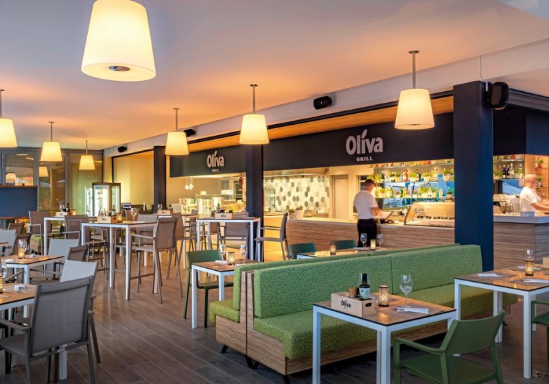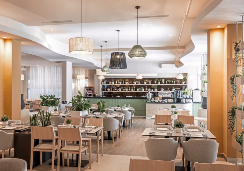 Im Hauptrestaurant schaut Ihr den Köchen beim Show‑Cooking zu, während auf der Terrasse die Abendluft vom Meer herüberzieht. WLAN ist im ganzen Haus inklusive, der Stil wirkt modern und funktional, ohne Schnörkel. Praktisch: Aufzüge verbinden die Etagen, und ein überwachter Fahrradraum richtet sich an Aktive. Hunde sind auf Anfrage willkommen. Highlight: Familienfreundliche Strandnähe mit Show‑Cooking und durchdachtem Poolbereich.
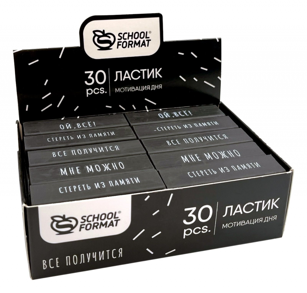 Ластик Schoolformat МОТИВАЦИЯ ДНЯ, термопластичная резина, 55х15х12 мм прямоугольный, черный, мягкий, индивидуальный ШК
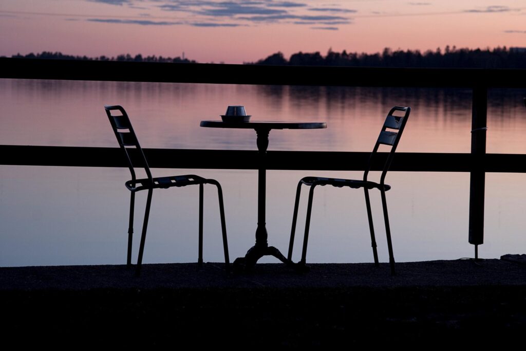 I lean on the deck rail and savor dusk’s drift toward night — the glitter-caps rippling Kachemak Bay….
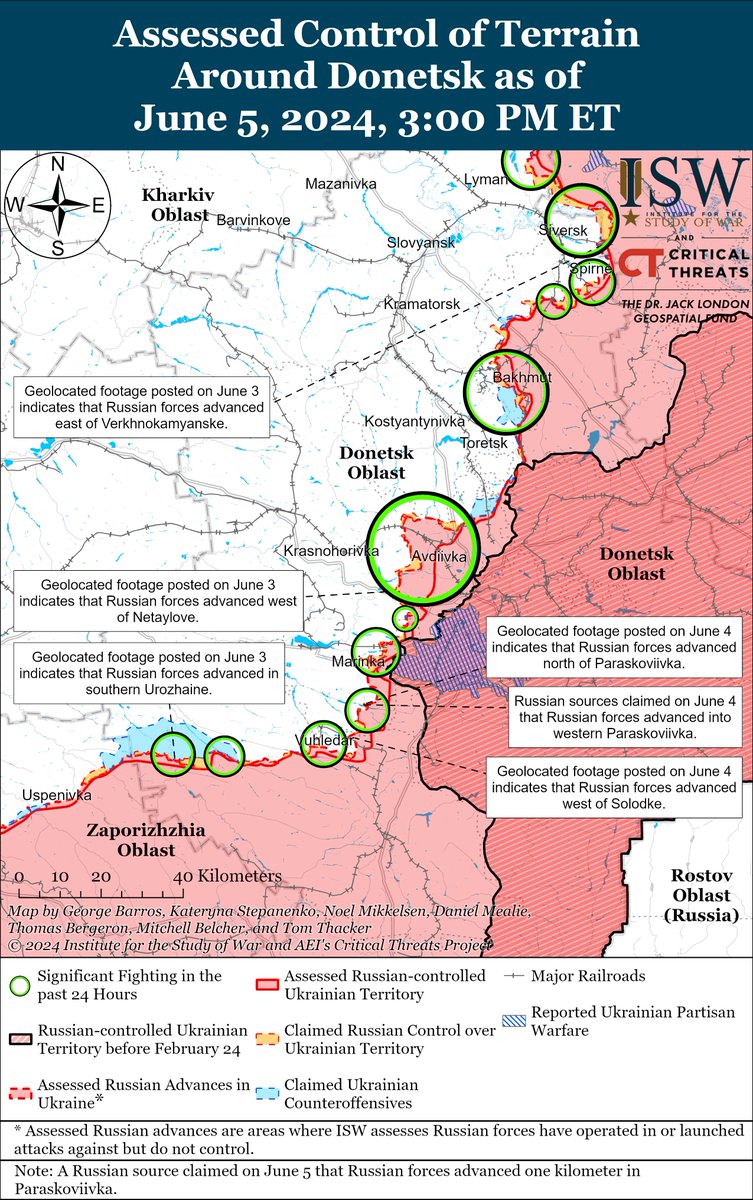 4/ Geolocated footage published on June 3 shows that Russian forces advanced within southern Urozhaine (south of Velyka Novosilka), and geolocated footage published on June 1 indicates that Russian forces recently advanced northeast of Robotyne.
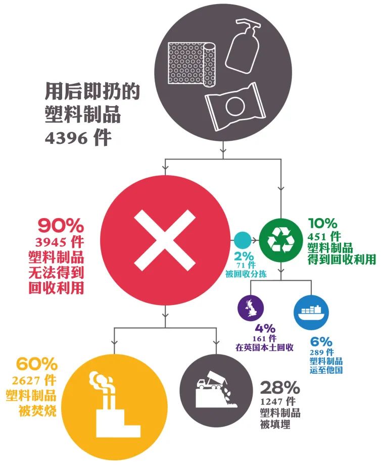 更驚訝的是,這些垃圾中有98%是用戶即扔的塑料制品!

==================================================

> **Activity**
Could you print the listing above exactly, without the pictures?

> **Task answer**
 Im Hauptrestaurant schaut Ihr den Köchen beim Show‑Cooking zu, während auf der Terrasse die Abendluft vom Meer herüberzieht. WLAN ist im ganzen Haus inklusive, der Stil wirkt modern und funktional, ohne Schnörkel. Praktisch: Aufzüge verbinden die Etagen, und ein überwachter Fahrradraum richtet sich an Aktive. Hunde sind auf Anfrage willkommen. Highlight: Familienfreundliche Strandnähe mit Show‑Cooking und durchdachtem Poolbereich.
 Ластик Schoolformat МОТИВАЦИЯ ДНЯ, термопластичная резина, 55х15х12 мм прямоугольный, черный, мягкий, индивидуальный ШК
 I lean on the deck rail and savor dusk’s drift toward night — the glitter-caps rippling Kachemak Bay….
 4/ Geolocated footage published on June 3 shows that Russian forces advanced within southern Urozhaine (south of Velyka Novosilka), and geolocated footage published on June 1 indicates that Russian forces recently advanced northeast of Robotyne.
 更驚訝的是,這些垃圾中有98%是用戶即扔的塑料制品!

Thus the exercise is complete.